▶ **What to do**:
The line containing "备选策略:1.21676上方看涨,目标1.21957、1.22194" and every line after it, through the end of the records below, are to be reproduced exactly, with the pictures left out.

━━ Records for this task ━━

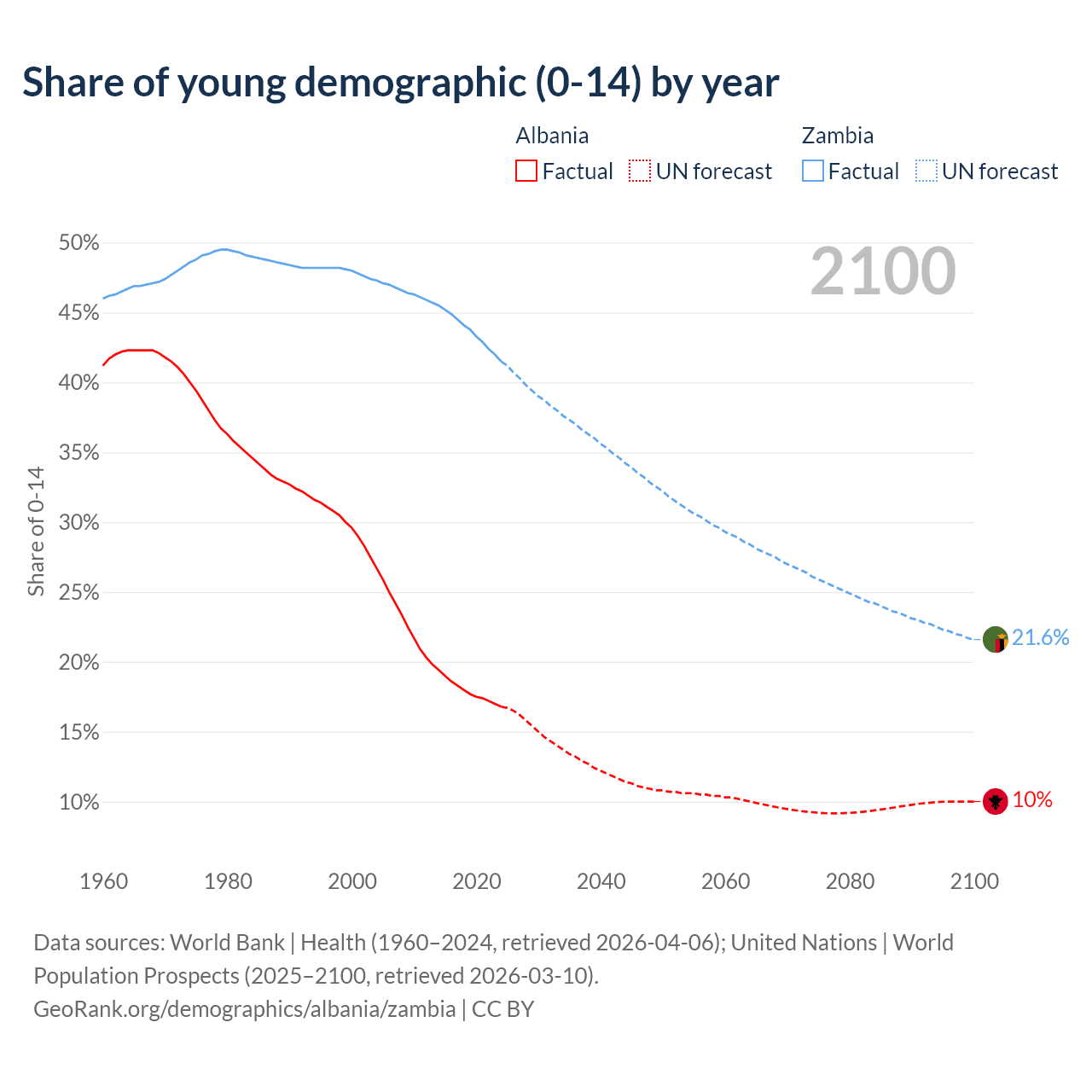 Median age Albania vs Zambia, 1960-2100
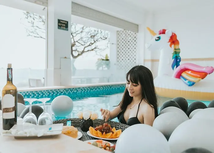 Located in the Mulberry Beach district, the beachfront Sea Villa 69 Tran Phu - Sat Bien Co Bai Tam Rieng provides a plunge pool with a sauna for guests' relaxation. Featuring a plunge pool, a Jacuzzi, and a sauna, this 3-bedroom villa is nestled 4.5 km from Vung Tau Lighthouse.
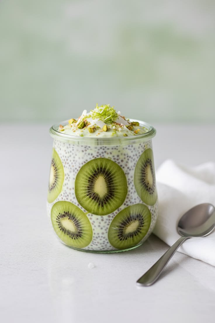 Layer Up: Gently spoon the chilled chia pudding into the center of the jar, being careful not to dislodge the kiwi slices.
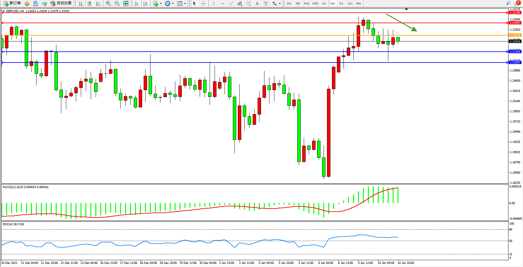 备选策略:1.21676上方看涨,目标1.21957、1.22194
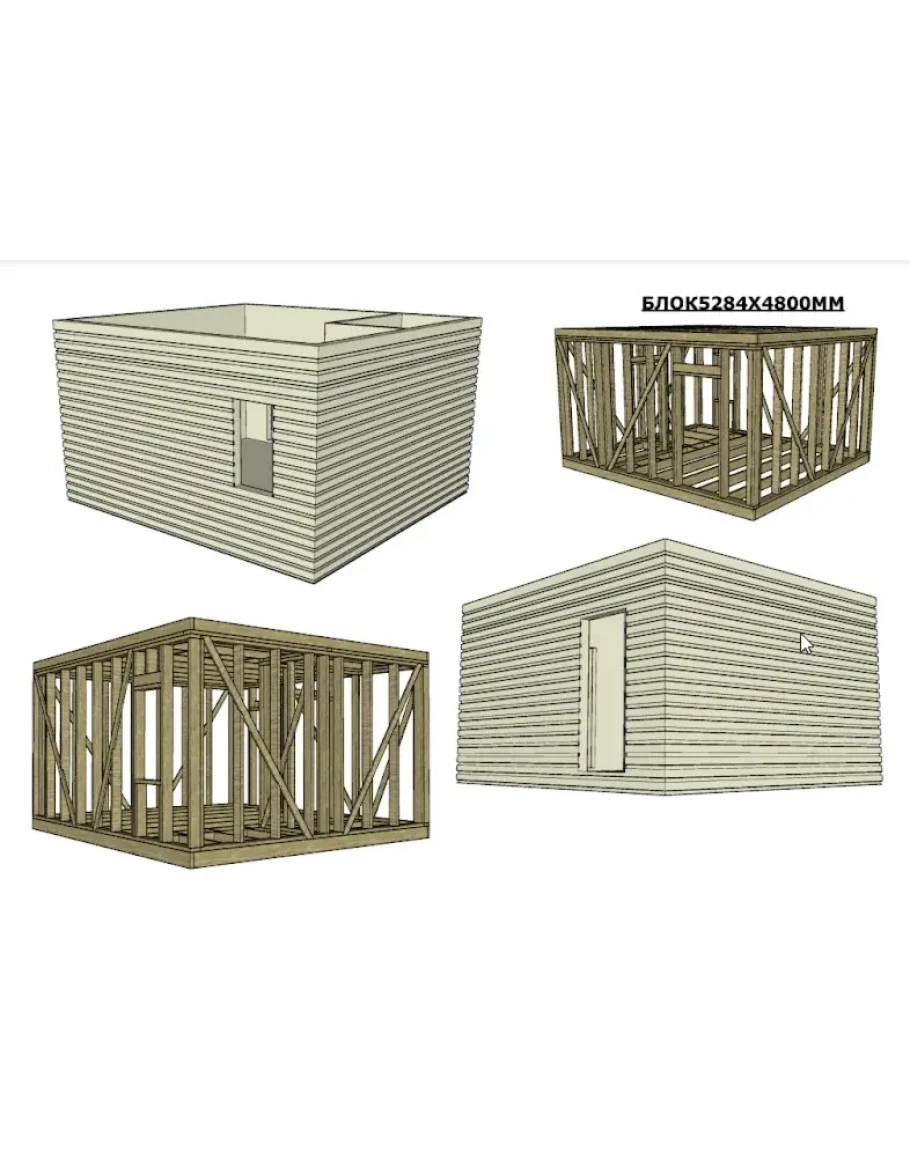 Данный каркасный блок-модуль имеет максимальную длину 5284х4800 мм (для транспортировки) имеется туалет и душевая, а также большая студия спальня + кухонная зона, можно собрать мансарду 2-й этаж площадью 12 кв.м.

━━━

▶ **Exercise output**:
 备选策略:1.21676上方看涨,目标1.21957、1.22194
 Данный каркасный блок-модуль имеет максимальную длину 5284х4800 мм (для транспортировки) имеется туалет и душевая, а также большая студия спальня + кухонная зона, можно собрать мансарду 2-й этаж площадью 12 кв.м.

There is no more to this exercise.